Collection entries
+++
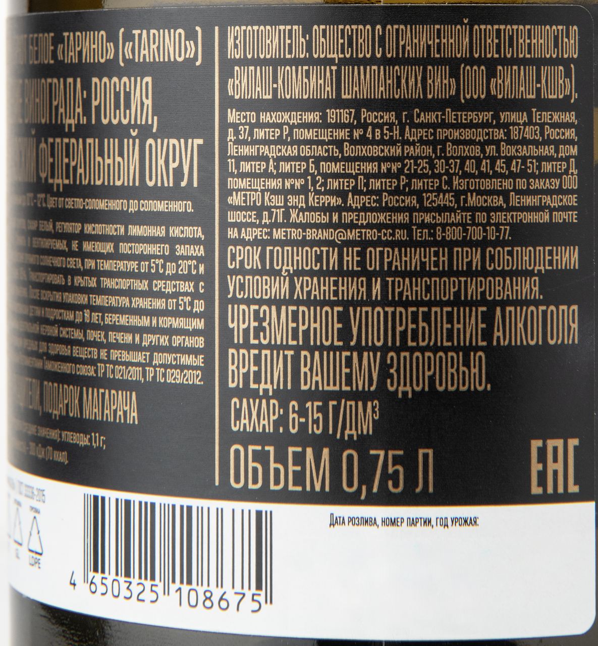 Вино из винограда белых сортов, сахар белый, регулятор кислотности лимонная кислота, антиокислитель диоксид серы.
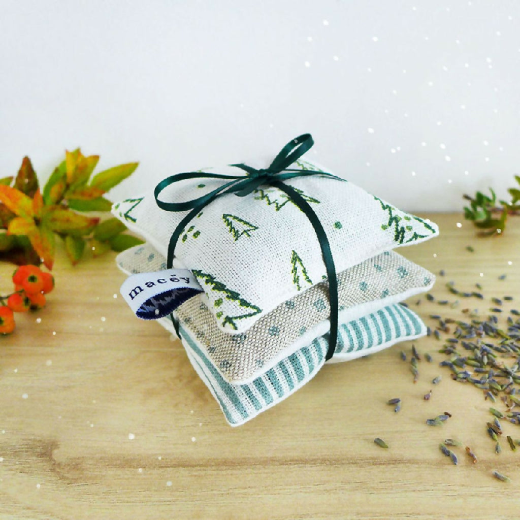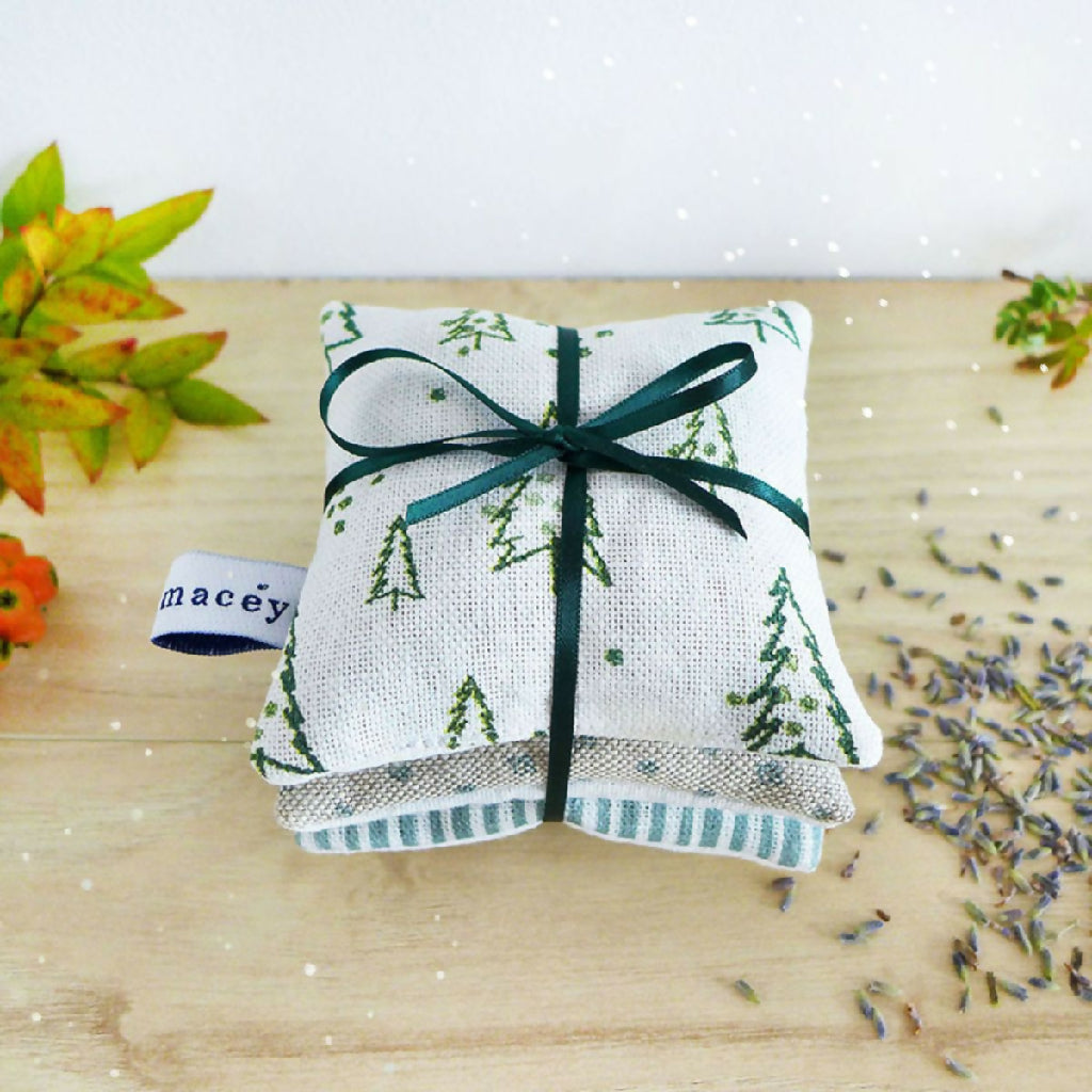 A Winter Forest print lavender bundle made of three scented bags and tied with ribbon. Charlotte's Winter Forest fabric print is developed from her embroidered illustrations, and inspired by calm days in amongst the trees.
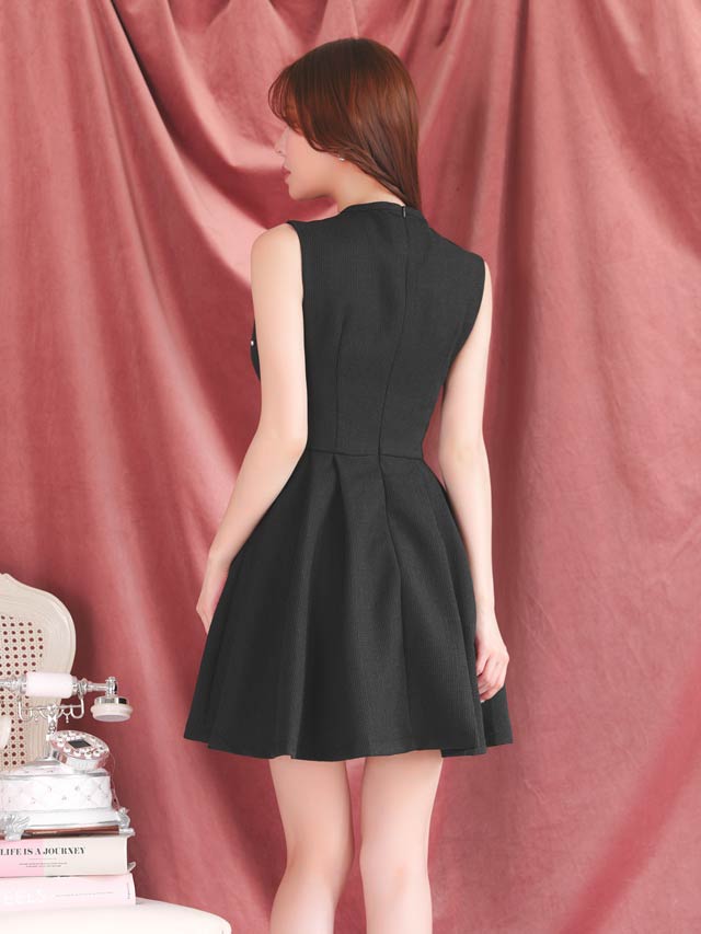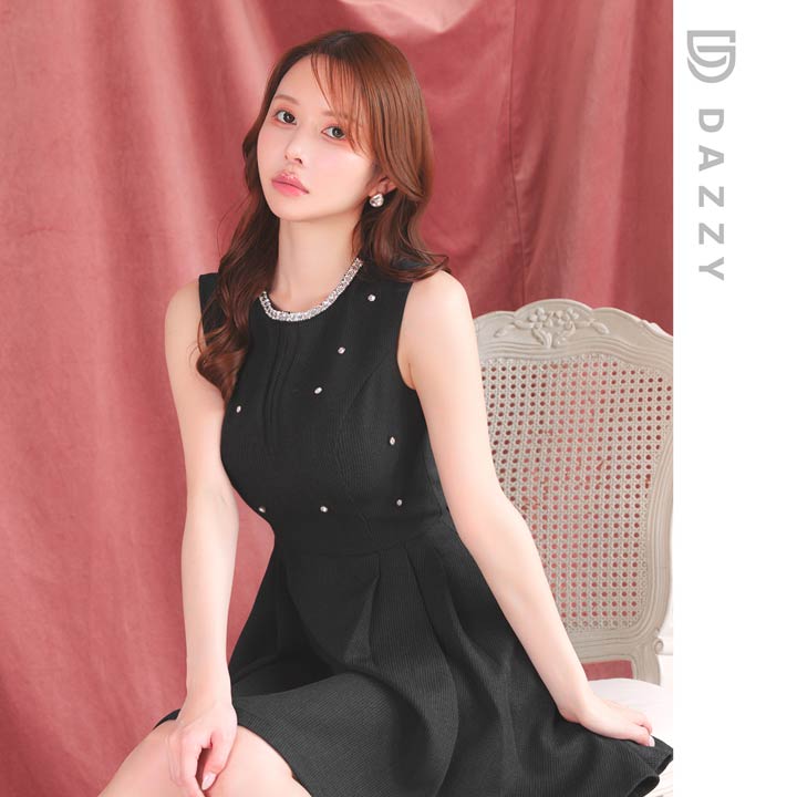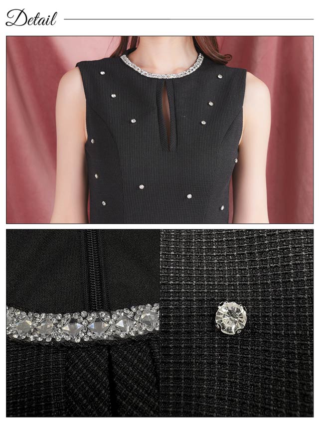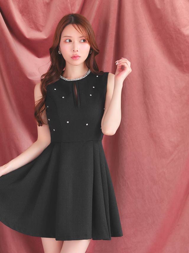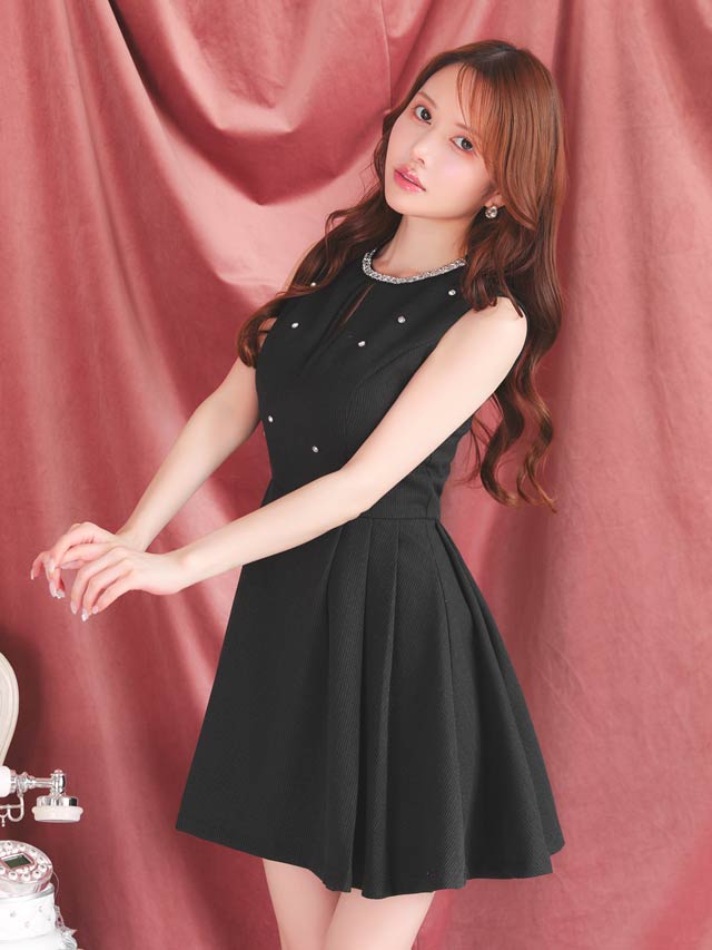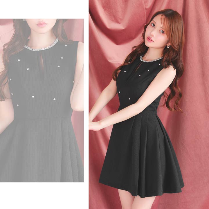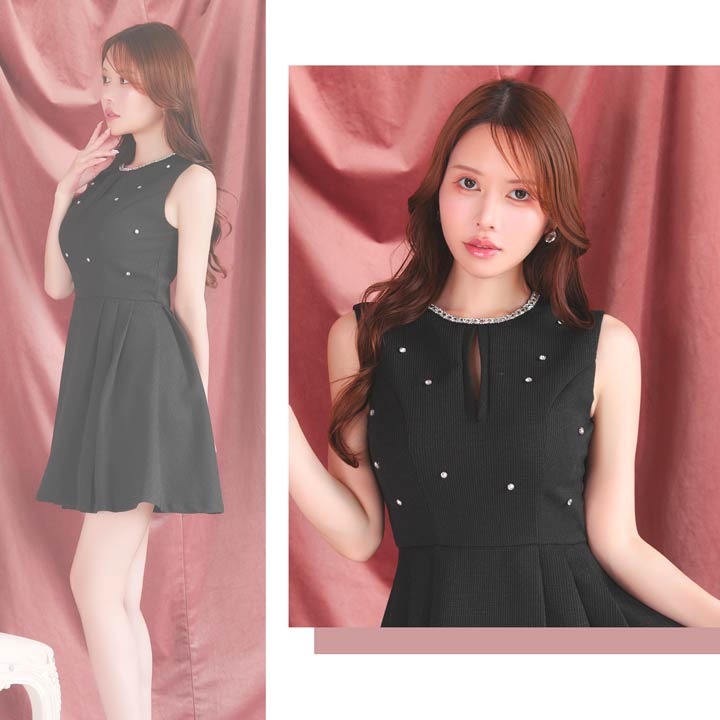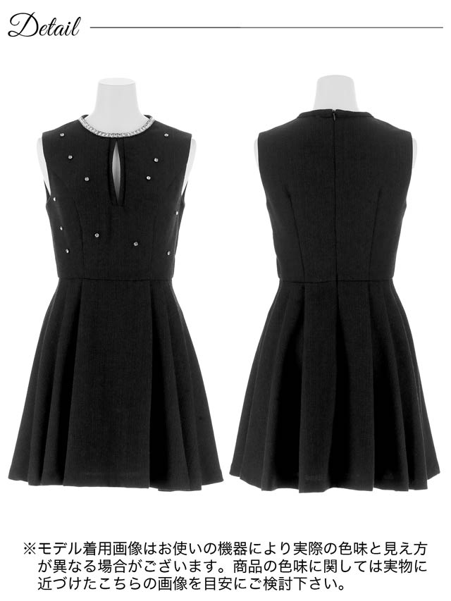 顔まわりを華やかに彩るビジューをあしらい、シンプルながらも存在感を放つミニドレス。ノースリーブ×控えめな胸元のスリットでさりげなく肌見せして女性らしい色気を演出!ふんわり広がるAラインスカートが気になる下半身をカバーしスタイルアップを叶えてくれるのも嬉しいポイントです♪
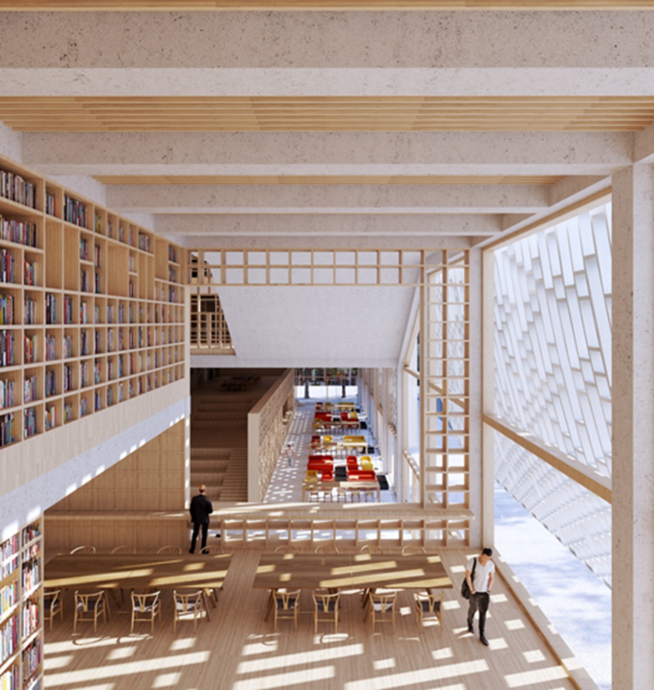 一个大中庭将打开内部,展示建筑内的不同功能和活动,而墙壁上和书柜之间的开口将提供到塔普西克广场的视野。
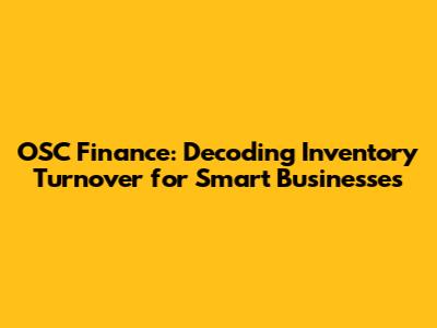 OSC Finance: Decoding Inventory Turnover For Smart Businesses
+++
* [Task details]: Line by line, write out the records above exactly, skipping the pictures.

* [Result below]:
 Вино из винограда белых сортов, сахар белый, регулятор кислотности лимонная кислота, антиокислитель диоксид серы.
 A Winter Forest print lavender bundle made of three scented bags and tied with ribbon. Charlotte's Winter Forest fabric print is developed from her embroidered illustrations, and inspired by calm days in amongst the trees.
 顔まわりを華やかに彩るビジューをあしらい、シンプルながらも存在感を放つミニドレス。ノースリーブ×控えめな胸元のスリットでさりげなく肌見せして女性らしい色気を演出!ふんわり広がるAラインスカートが気になる下半身をカバーしスタイルアップを叶えてくれるのも嬉しいポイントです♪
 一个大中庭将打开内部,展示建筑内的不同功能和活动,而墙壁上和书柜之间的开口将提供到塔普西克广场的视野。
 OSC Finance: Decoding Inventory Turnover For Smart Businesses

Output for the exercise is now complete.